▶ [WHAT TO PRODUCE] Skip any pictures. Repeat the data exactly, from its first line through the line that holds "ฝังตะกรุดทองคำ (ใต้ฐาน) ตะกรุดเงิน", both included.

[Stored records]
····················

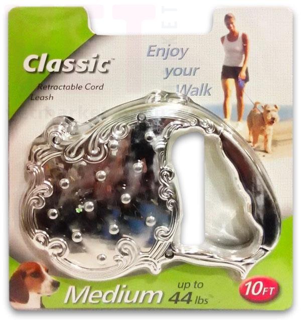 - Выдвижной ленточный поводок с удобной кнопкой позволяет легко регулировать длину.
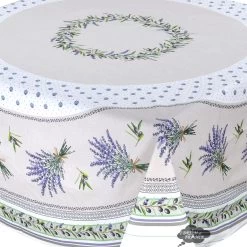 70″ Round Lauris Acrylic-Coated Cotton Tablecloth By Tissus Toselli
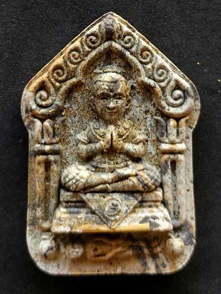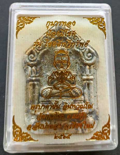 ฝังตะกรุดทองคำ (ใต้ฐาน) ตะกรุดเงิน (ด้านหลัง)
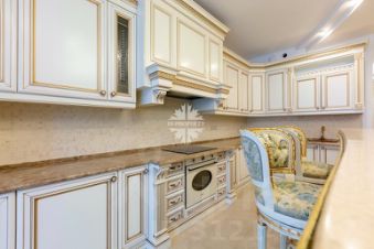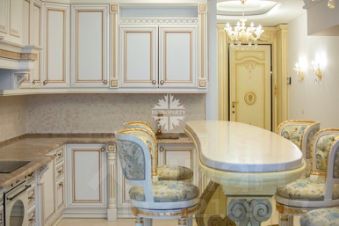 Для истинных ценителей классического искусства, представляем двухуровневый пентхаус с отделкой в классическом стиле с легким итальянским акцентом. Грамматика данного стиля ясная и понятная: большие светлые комнаты, мраморные полы, итальянские фарфоровые люстры, саксонские вазы, оригинальные кессонированные потолки, классические кресла и гобелены, изысканные аксессуары. Квартира спланирована в традициях дворцовой архитектуры: внизу большая столовая с панорамным окном и эффектом второго света , кухня с барной стойкой и премиальной бытовой техникой, действующий дровяной камин и библиотека. Наверху расположена приватная часть: 4 спальни, гардеробные, хозяйственные и ванные комнаты. На огромном пространстве квартиры дизайнерам удалось создать гармоничный классический интерьер, присущий русским аристократическим домам, в котором органично сочетаются элементы современного дизайна.
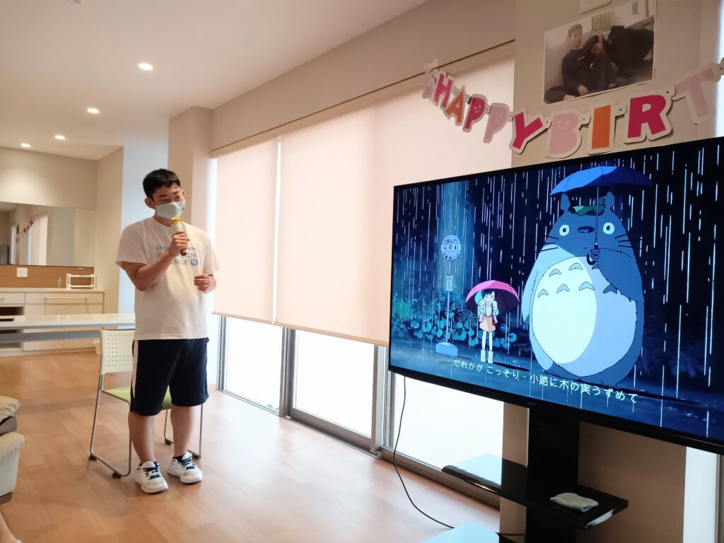 最後は利用者さんにバースデーカードをお渡しして、お祝いの気持ちを込めて記念撮影をしました。
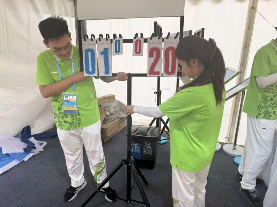 我的工作聚焦赛前预备:布置场馆、调试设备、制作白板赛程表。看似枯燥,却容不得半点马虎。
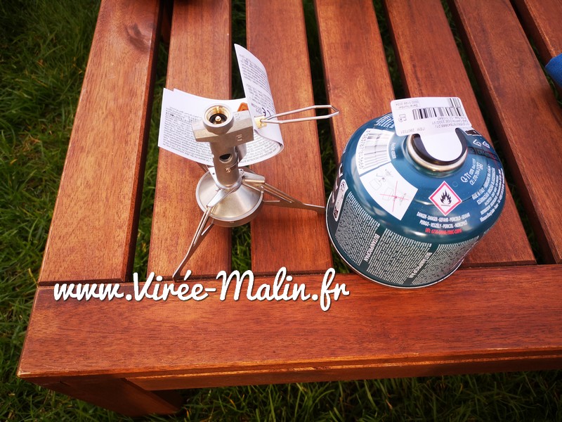 La cartouche de gaz coût 5,9€ (lien) et le réchaud à gaz léger (lien) et compact avec piézo – MT500, prix 35€ vous permettra de manger chaud une fois votre tente installé…

····················

▶ [EXPECTED OUTPUT]
 - Выдвижной ленточный поводок с удобной кнопкой позволяет легко регулировать длину.
 70″ Round Lauris Acrylic-Coated Cotton Tablecloth By Tissus Toselli
 ฝังตะกรุดทองคำ (ใต้ฐาน) ตะกรุดเงิน (ด้านหลัง)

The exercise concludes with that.